Large Droplet-Sorting Now Possible at High Speeds
According to research published in Science Advances, the advance could lead to faster screening —20 times faster than currently available technologies — for products manufactured by cells, such as biofuels or antibodies
Droplet microfluidic technologies have become powerful tools in medicine and biotechnology. Inside these microfluidic devices are tiny lanes that help route millions of fluid drops, which act as miniature test tubes to grow cells and foster chemical reactions. Drops that contain unique growth or reactions can be automatically sorted to isolate cells of interest from the rest.
Smaller droplets, about a third of the thickness of a human hair in diameter, have been previously used to grow or react cells for a few hours. The smaller mass of these droplets makes them easier to sort at high rates by instruments.
But the droplets are not large enough to allow growth and long-term survival of most cells. Increasing the diameter of a droplet slightly more than two-fold results in 10 times as much volume, enough to completely envelop a cell with an ample cushion. That liquid cushion can keep cells alive much longer and even allow them to grow and divide inside the droplet.
Euglena gracilis, a microalgae, growing in larger droplets after being sorted. The long, single-celled organisms can span the entire droplet. Keisuke Goda/Univ. of Tokyo
However, these larger droplets break apart during processing in previous systems, mostly due to their higher inertia as they were moved around.

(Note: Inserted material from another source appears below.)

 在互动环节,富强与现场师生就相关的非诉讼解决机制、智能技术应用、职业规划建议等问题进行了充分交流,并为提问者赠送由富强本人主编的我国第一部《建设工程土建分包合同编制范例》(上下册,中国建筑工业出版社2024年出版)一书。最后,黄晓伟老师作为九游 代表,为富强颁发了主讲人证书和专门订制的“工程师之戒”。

“Up until now, the slower speeds required to move these larger droplets diminishes many of the advantages of using microfluidics, so we set out to change that,” said Dino Di Carlo, UCLA’s Armond and Elena Hairapetian Professor in Engineering and Medicine and one of the senior authors on the study. “The key in this research is: instead of applying a very strong electric field all at once to move and sort a droplet, which usually rips the droplets apart, we apply a much smaller electric field around each droplet many times in a sequential manner, to slowly divert it from its path. Imagine deflecting a balloon with many small fans all aligned and synchronized to blow only when the balloon passes versus using one large wildly turbulent fan.”

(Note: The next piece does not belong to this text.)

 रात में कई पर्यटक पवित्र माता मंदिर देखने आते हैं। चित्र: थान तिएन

This could include finding the most promising T cells to fight cancers, or cells that secrete antibodies for infectious diseases such as COVID-19.
The researchers demonstrated the technique using large droplets with a variety of cells, including cancer cells, stem cells, microalgae and yeast. They found the new methodology could keep cells alive, growing and secreting biological products longer in the larger droplets and allow the team to sort the cells at much higher speeds. The advance brings automated sorting and analytical processing speeds of large droplets in line with that of smaller droplets.
“This opens up some new avenues in biologic and cell therapy manufacturing, precision medicine, regenerative medicine and green biotechnology,” Di Carlo said. “For example, we can now incubate and grow all kinds of cells and then use microfluidic processing to search for cells with particular important growth or production traits. This could include finding the most promising T cells to fight cancers, or cells that secrete antibodies for infectious diseases such as COVID-19.”
Di Carlo said the technique could apply to agriculture-based biotechnologies because the system could sort algae needed for biofuels or vitamin production at faster rates.
The study’s other senior author is Keisuke Goda, a professor of chemistry at the University of Tokyo and an adjunct professor of bioengineering at UCLA. He is a frequent collaborator with UCLA researchers ever since he was a postdoctoral scholar at UCLA from 2011 to 2012. Di Carlo’s involvement in the research started when he spent a semester as a visiting professor at the University of Tokyo in 2016.
Other authors on the study include UCLA bioengineering graduate student Hiromi Miwa and former postdoctoral scholar Carson Riche.
The study was supported by Japan’s Council for Science, Technology and Innovation.